Crime Watch

CRIME WATCH

August 23, 2007

A return to the scene of crime is disallowed

Saying he had "grave security concerns," an Anne Arundel County judge yesterday rejected a highly unusual defense request to allow a teenager charged with shooting a Secret Service agent to leave jail to return to the crime scene, Westfield Annapolis mall.

Javaughn Norman Adams, 18, is charged in a 15-count indictment with attempted murder and related counts in the Nov. 18 fracas that police believe was sparked by fights between rival factions of Annapolis teenagers.

His trial is scheduled to begin in October.

Defense lawyers said they expect to take Circuit Judge William C. Mulford II up on his offer to allow them to renew their request if they can justify the need. Videos and diagrams exist, but the defense maintains there is not a single continuous tape showing what happened and that the police investigation leaves questions unanswered.

"You wouldn't buy a house based on a video," Frank C. Gray Jr., one of Adams' lawyers, said after the hearing.

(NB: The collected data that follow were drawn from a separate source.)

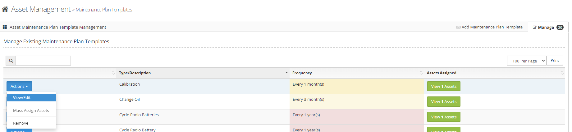 Step 8: After selecting the 'Manage' tab you can select View/Edit, Mass Assign, or Remove from the actions button next to the plan
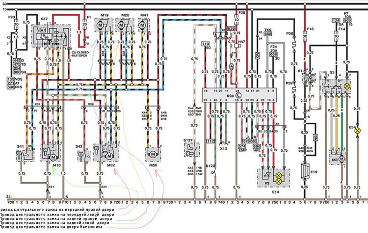 - M18, M19, M20, М32 – активаторы в дверях. М41 – замок запирания лючка бензобака, М60 – сервопривод багажника; Для работы сервоприводов достаточно 2 провода, которые называются силовыми. Разница потенциалов на этих проводах запускает двигатель, передвигающий тягу замка. В зависимости от того, на каком из проводов будет -, а на каком +, моторчик будет крутиться в одну либо другую сторону. Третий провод (сине-черный) необходим штатной сигнализации для контроля состояния замков.
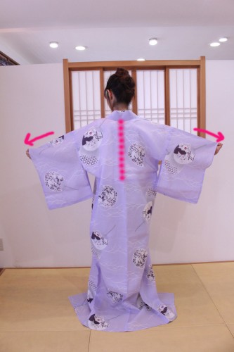 そして、左右の袖口を持って両袖を引き、背中の縫い線が体の真ん中にくるように、左右のバランスが同じになるよう調節しましょう。
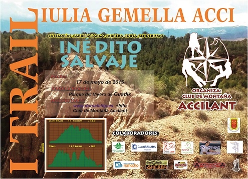 El I Trail Julia Gemella Acci presenta unas distancias de 23'74km y 12km está enmarcada geográficamente en la Hoya de Guadix, al pie de Sierra Nevada. Es un trazado de nivel medio, con un desnivel positivo de 800m en la carrera larga y 400m en la corta, tiene contínuas subidas y bajadas que discurren por caminos, senderos con tramos técnicos pero espectaculares para los amantes de estos deportes debido al paisaje único en la geografía accitana.
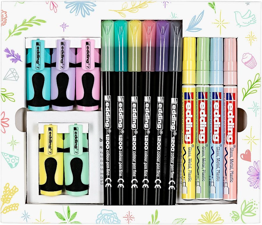 Táto darčeková sada EDDING Pastel Celebrations je ideálna pre milovníkov jemných farieb a moderného kreatívneho tvorenia. Ponúka tri typy písacích potrieb s rôznymi šírkami a tvarmi hrotov, takže ľahko vytvoríte nápisy, linky, zvýraznenie aj dekorácie na rôznych povrchoch. Vďaka pastelovej palete budú vaše projekty pôsobiť elegantne a trendy.
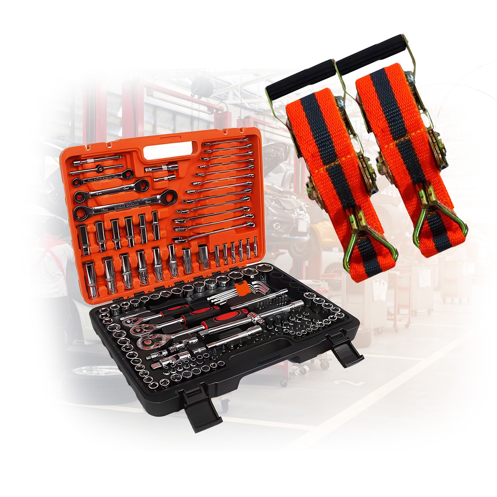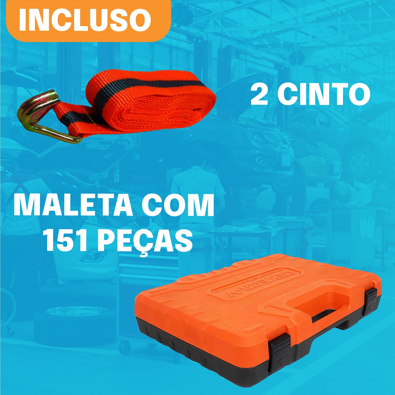Combo Mestre: Maleta de Ferramentas 151 Peças + 2 Cintas Catraca Reforçadas!

Prosecutors had objected to allowing Adams into the mall, though he would be under guard, saying they could not recall such a request in more than two decades.

"We are trying to keep the defendant out of public places for the next 30 years -- we are not interested in a field trip to the mall," said Deputy State's Attorney William D. Roessler.

Mulford also ordered police to hand over some confidential documents on a former officer and former crime scene technician to lawyers in the case because they might be of use to the defense.

The internal affairs documents do not stem from the shooting, but are from unrelated matters involving former Cpl. Fred Reynolds and former technician Joel Baker, according to county lawyers. Prosecutors declined to coment on the documents, saying the contents would not affect their preparation of the case, in which 32 police officers may be called as witnesses at trial.

Andrea F. Siegel

Activist's home firebombed

City police and fire investigators were seeking the public's help in identifying whoever firebombed the Waverly home of a community activist early yesterday in retalitation for her reporting drug dealings in her neighborhood, an act that forced her to be placed in seclusion, authorities said.

The woman's name and her address were not released.

About 2:30 a.m. yesterday, someone threw a Molotov cocktail onto the woman's front porch that exploded and scorched the exterior of her home and that of a neighbor, authorities said.

There were no injuries, and damage was minor.

Authorities said the firebombing was one of at least two earlier incidents believed aimed at harming the woman or forcing her to move.

In the past two weeks, the woman' car was vandalized and white paint was splashed on her home.

Anyone knowing those responsible is urged to call 911.